Working Too Much Doesn't Ruin Your Relationship, New Study Says, But These Things Can
To anyone who’s ever dated someone who’s given the excuse that they’re too busy with work to maintain an actual relationship, science says, that’s total BS. In fact, as a new study published in the journal Human Relations found, there is no negative association between the hours one works and relationship satisfaction.
Dana Unger of ETH Zurich, Switzerland and her team of researchers from several universities in Germany, studied 285 couples to determine the effect working hours had on romantic relationships. As they noted in their study, “conventional wisdom and research” has suggested that partners who both work must decide whether to place more importance on their careers or relationships. The assumption is, one must suffer in order for the other to thrive.

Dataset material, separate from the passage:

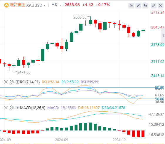 如果金价未能突破2650美元,其可能会再次跌向2600关口附近,该水平失守将下看50日简单移动平均线所在的2540美元。

But when researchers studied the associations between the participants’ working time, private lives and overall happiness in their relationships, it was found that couples actually compensated for lost relationship time at work by making the most out of the time spent with their partners after work. As it is, career-driven people who invest long hours into work and actively pursue their career goals are very aware that they can’t have everything in their private lives. Because of this, their “relationship goals” tend to be much lower. When their relationship goals are lower and achievable, relationship satisfaction is higher. Neither partner feels like they are failing the other.

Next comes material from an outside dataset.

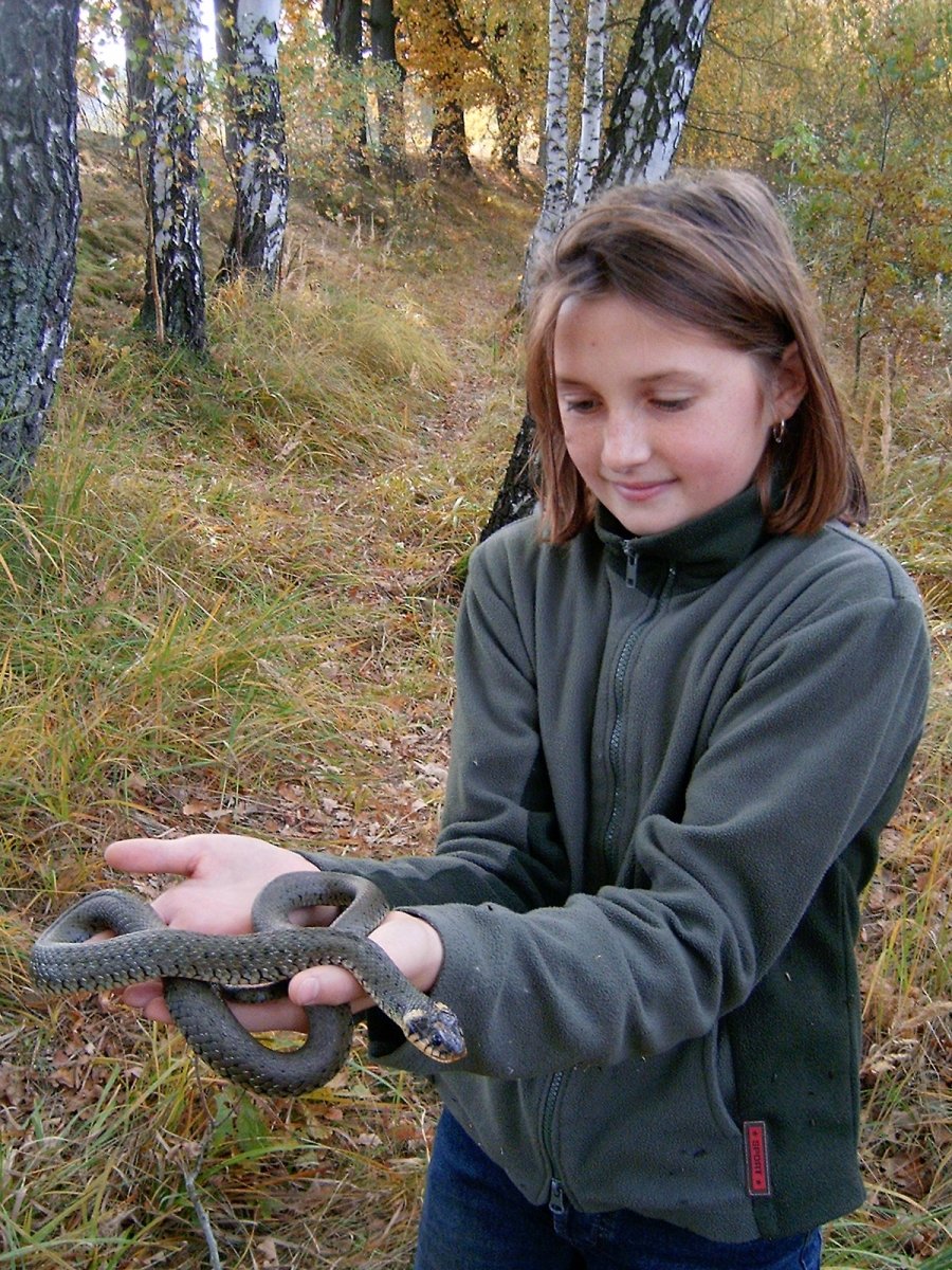 OT- zážitky s hadama? :vidím v lese řetěz z kola, si říkám co tu dělá řetěz z kola? až se ten řetěz uprostřed zvednul a zesyčel mě…se zmijí se potkávám na Šumavě běžně, živýma i placatýma…i s tou černou. Užovku jsem nesla ukázat dětem, vložila jsem si jí do košíku s houbama a ona mi za odměnu ty houby zasmradila…

As this study has found, working too much doesn’t actually affect your relationship unless you let it. But here are five everyday things that could:
1. Your Commute
A 2011 study conducted by researchers from Umea University in Sweden found that a 45-minute commute each way increases the likelihood that a couple will break up by about 40 percent. Researchers studied two million couples over a span of 10 years and found that the relationship costs of traveling for work may actually outweigh the monetary gains. As the study pointed out, if one partner commutes further for work, the other might get stuck with household duties, putting the equality of household and familial responsibilities out of balance.
2. Your In-Laws
If you’re not BFFs with your partner’s mom, then don’t worry. That might actually be a good thing. According to a 2012 study conducted by researchers at the University of Michigan’s Institute for Social Research, hetero couples were found to have a 20 percent higher chance of breaking up when a woman was close with her partner's parents. However, when a man reported to being close with his wife’s parents, the divorce risk actually decreased by 20 percent. According to the study, women tend to like it when men can fully integrate themselves into their families. But some men may see it as a manipulative move on their partner’s end to try and change him.
3. Your Meds
Certain medications can have side effects that can alter your mood and behavior. As a 2014 University of California, San Diego study found, two common types of antidepressants were found to negatively effect some users’ love lives. In a study of 192 depression patients, the use of antidepressants seemed to influence the love people had for their partners, causing losses of sex drive and romantic feelings.
4. Being Hangry
Leave no lunch behind! According to a 2014 study by the The Ohio State University of 107 married couples, being hangry (hungry + angry) is linked to marital arguments, confrontations and even domestic violence.
5. Your Smartphone
It’s no secret that many people believe technology is a relationship killer. As a 2012 University of Essex study found, couples who tried to have conversations with their partners while their cell phones were close by, felt less trust and empathy from their partners.